Aim of the task →
Nothing but the text belongs in the answer: the listing below, copied exactly, without pictures.

[Dataset content — start]

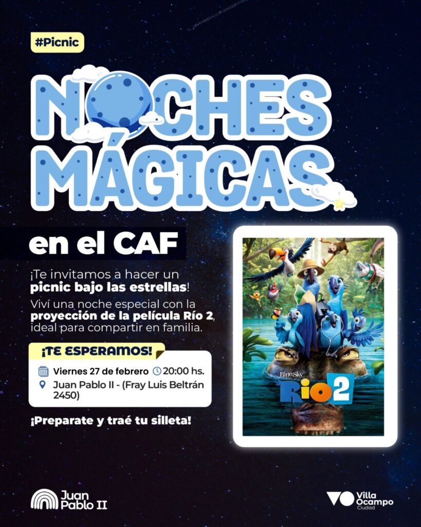 La Municipalidad de Villa Ocampo invita a la comunidad a participar de una nueva propuesta recreativa y cultural denominada “Noches Mágicas en el CAF” , que se llevará a cabo el próximo viernes 27 de febrero , a las 20:00 horas , en el CAF Juan Pablo II , ubicado en Fray Luis Beltrán 2450.
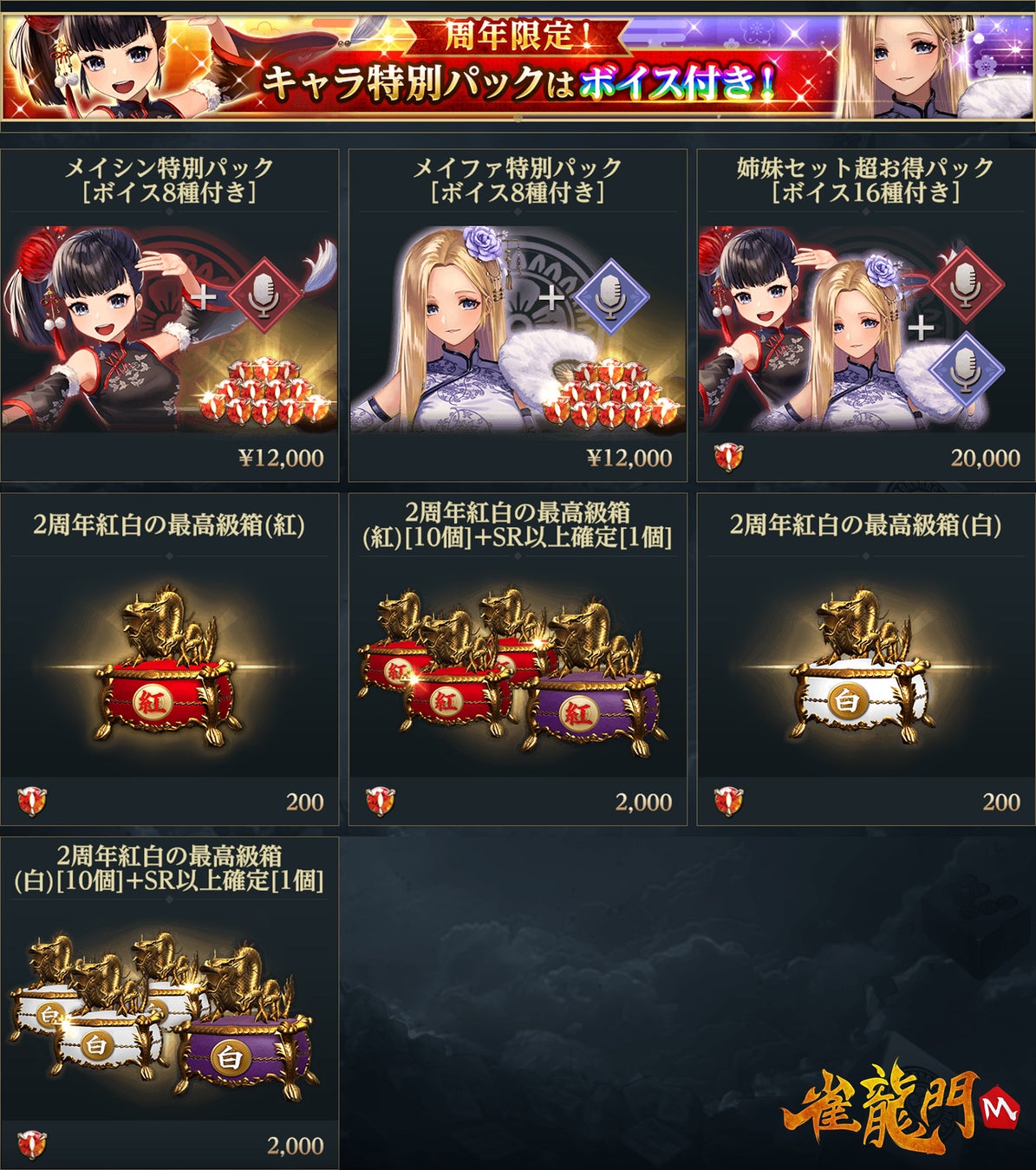 「2周年紅白の最高級箱[10個](紅or白)+SR以上確定[1個]」では、キャラやメイファとメイシンの演出も獲得のチャンスがUPします!
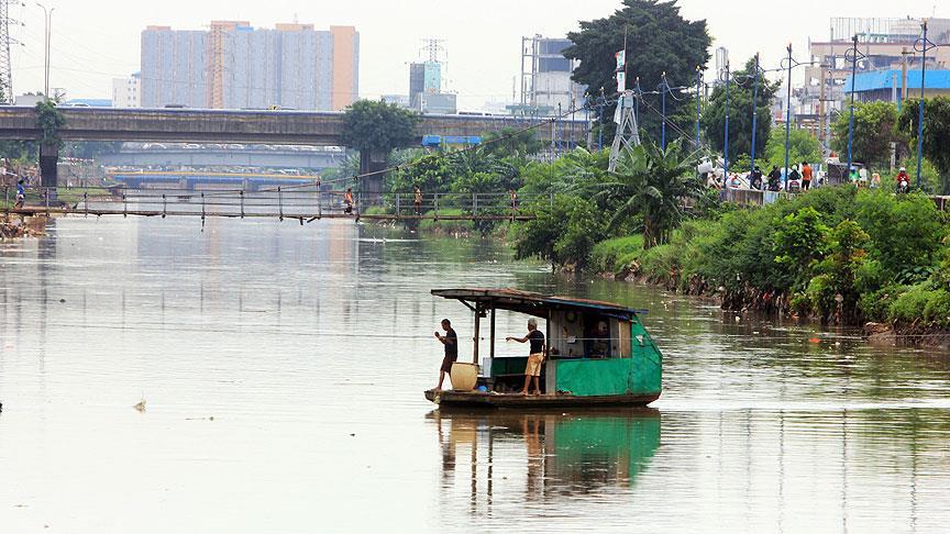 Orta Cakarta'da yer alan Tanah Abang bölgesinde kent sakinleri ve özellikle öğrenciler, Muara Nehri üzerinde ulaşım için el yapımı salları tercih ediyor.

[Dataset content — finish]

Reply →
 La Municipalidad de Villa Ocampo invita a la comunidad a participar de una nueva propuesta recreativa y cultural denominada “Noches Mágicas en el CAF” , que se llevará a cabo el próximo viernes 27 de febrero , a las 20:00 horas , en el CAF Juan Pablo II , ubicado en Fray Luis Beltrán 2450.
 「2周年紅白の最高級箱[10個](紅or白)+SR以上確定[1個]」では、キャラやメイファとメイシンの演出も獲得のチャンスがUPします!
 Orta Cakarta'da yer alan Tanah Abang bölgesinde kent sakinleri ve özellikle öğrenciler, Muara Nehri üzerinde ulaşım için el yapımı salları tercih ediyor.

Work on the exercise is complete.